Hedge Fund Manager Found Guilty of Fraud in $62 Million Market Timing Scheme

Hedge Fund Manager Found Guilty of Fraud in $62 Million Market Timing Scheme

Hedge fund adviser Pentagon Capital Management PLC (PCM) and Lewis Chester, PCM’s Chief Executive Officer, “egregiously violated” the federal laws and were found guilty of securities market timing fraudfraud by United States District Judge Robert W. Sweet of the Southern District of New York.  PCM is based in the United Kingdom.

In his opinion issued on February 14, 2012, the judge found that the defendants had indulged in a systematic operation to cheat mutual funds and their shareholders through late trading and deceptive market timing during the period from February 2001 through September 2003, using broker-dealer Trautman Wasserman & Company Inc.

The profits from this scheme amounted $62 million and accrued to PCM’s advisory client, Pentagon Special Purpose Fund Ltd., an international business company incorporated in the British Virgin Islands, while PCM and Chester earned performance and management fees for managing the Fund.

According to the SEC complaint, PCM regularly traded U.S. mutual funds through a number of broker-dealers in the United States and during the above period PCM and Lewis Chester systematically late-traded these funds. The M.O. was to place orders to buy, redeem or switch mutual fund shares after the normal cut-off time of 4:00 p.m. Eastern Time, the market close, but still obtaining that day’s mutual fund price.
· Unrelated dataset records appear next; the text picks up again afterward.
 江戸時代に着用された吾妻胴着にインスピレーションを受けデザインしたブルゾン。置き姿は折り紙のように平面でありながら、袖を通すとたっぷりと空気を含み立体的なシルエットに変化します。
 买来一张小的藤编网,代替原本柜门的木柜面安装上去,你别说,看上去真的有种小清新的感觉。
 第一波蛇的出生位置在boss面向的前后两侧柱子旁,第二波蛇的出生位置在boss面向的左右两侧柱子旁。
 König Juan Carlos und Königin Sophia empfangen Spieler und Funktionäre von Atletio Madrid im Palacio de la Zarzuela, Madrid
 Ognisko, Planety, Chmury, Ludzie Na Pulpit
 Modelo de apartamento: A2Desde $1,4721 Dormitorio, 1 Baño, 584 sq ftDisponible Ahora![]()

The defendants could thus take advantage of market events that occurred after the 4:00 p.m. deadline, while paying the price prevailing at 4:00 p.m.
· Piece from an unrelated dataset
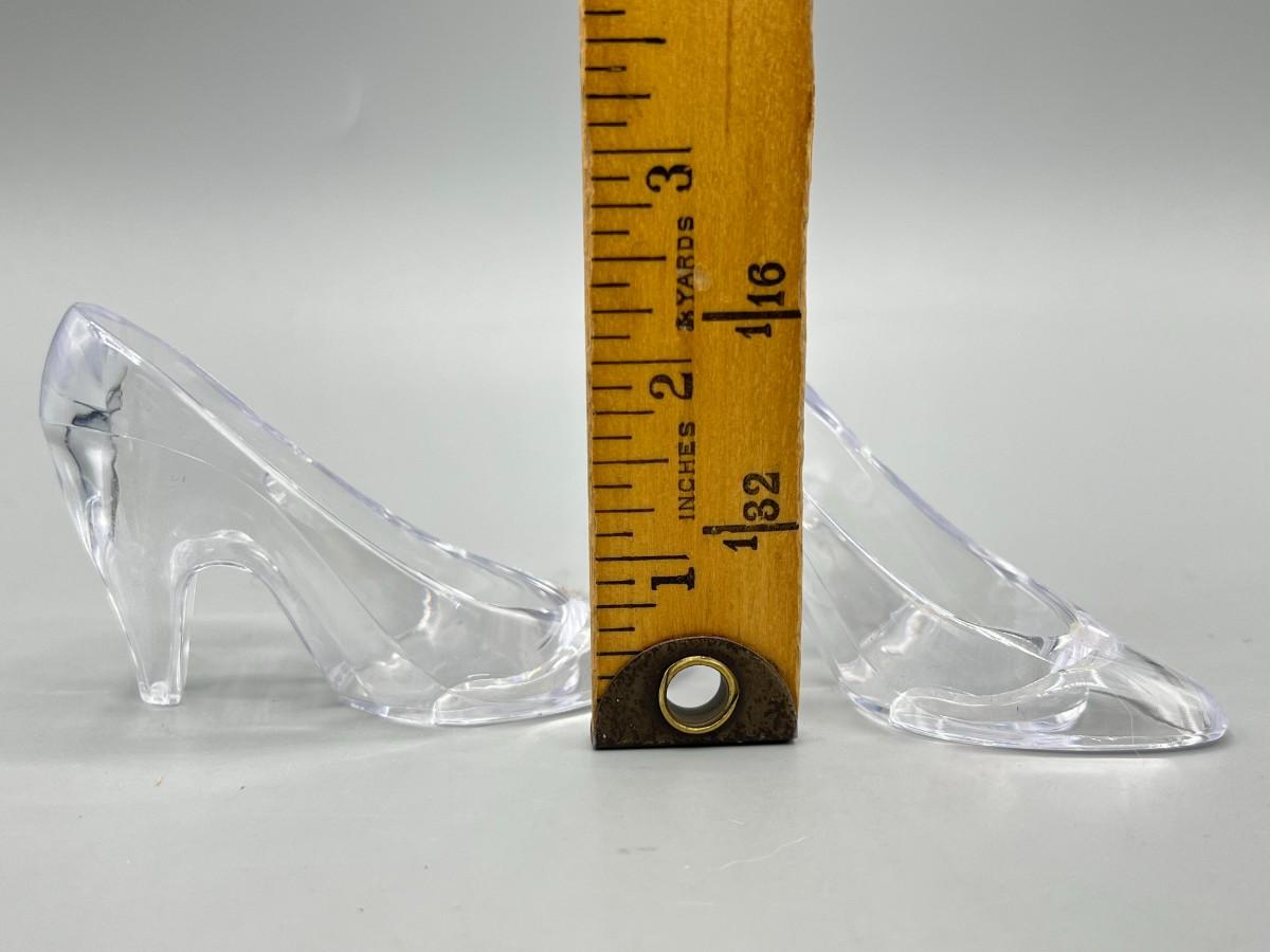 Miniature Clear Plastic High Heel Shoes. Great for crafting or display.

The SEC also complained that the defendants used deceptive methods to cloak their market timing activities from mutual funds by opening multiple accounts at various broker dealers, and distributing the total volume of their trades among these accounts. If a mutual fund detected market timing on any account, the defendants would simply move on to another account and resume market timing.

Saying that the Defendants “intentionally and egregiously violated the federal securities laws through a scheme of late trading” and that the scheme was “broad ranging over the course of several years and in no sense isolated,” Judge Sweet enjoined the defendants from future breach of those legal provisions. He further held the Defendants and the Pentagon Fund liable to disgorge $38,416,500 being the profits from the fraudulent trades in mutual fund shares, and also prejudgment interest. Civil penalties of $38,416,500 were also imposed on the Defendants.